Task requirements
Produce as output only the lines below starting at the line with "Edytor tapety: Modraszka" and continuing through the line with "中共中央关于制定国民经济和社会发展第十五个五年规划的建议", each one exactly as written.

Records for processing
========================

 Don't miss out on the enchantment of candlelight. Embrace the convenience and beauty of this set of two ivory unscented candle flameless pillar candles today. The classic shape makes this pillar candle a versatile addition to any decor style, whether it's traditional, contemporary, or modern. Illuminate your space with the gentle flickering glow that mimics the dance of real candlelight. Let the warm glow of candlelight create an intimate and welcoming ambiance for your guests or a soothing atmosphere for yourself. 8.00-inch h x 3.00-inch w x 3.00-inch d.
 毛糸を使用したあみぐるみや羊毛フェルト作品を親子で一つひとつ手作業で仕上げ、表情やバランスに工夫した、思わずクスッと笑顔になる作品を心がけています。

========================

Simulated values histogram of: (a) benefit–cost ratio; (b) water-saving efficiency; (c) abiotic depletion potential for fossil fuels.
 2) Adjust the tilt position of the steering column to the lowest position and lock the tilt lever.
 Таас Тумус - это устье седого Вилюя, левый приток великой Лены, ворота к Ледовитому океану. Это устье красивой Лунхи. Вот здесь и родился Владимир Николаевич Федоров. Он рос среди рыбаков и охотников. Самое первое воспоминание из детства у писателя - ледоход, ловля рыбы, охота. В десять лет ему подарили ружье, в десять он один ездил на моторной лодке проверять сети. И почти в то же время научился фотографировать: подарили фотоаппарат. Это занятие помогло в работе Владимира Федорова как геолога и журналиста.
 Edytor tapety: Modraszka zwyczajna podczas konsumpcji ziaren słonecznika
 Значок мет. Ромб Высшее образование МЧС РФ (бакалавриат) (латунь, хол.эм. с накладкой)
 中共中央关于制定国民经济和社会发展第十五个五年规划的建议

========================

Answer for this exercise
 Edytor tapety: Modraszka zwyczajna podczas konsumpcji ziaren słonecznika
 Значок мет. Ромб Высшее образование МЧС РФ (бакалавриат) (латунь, хол.эм. с накладкой)
 中共中央关于制定国民经济和社会发展第十五个五年规划的建议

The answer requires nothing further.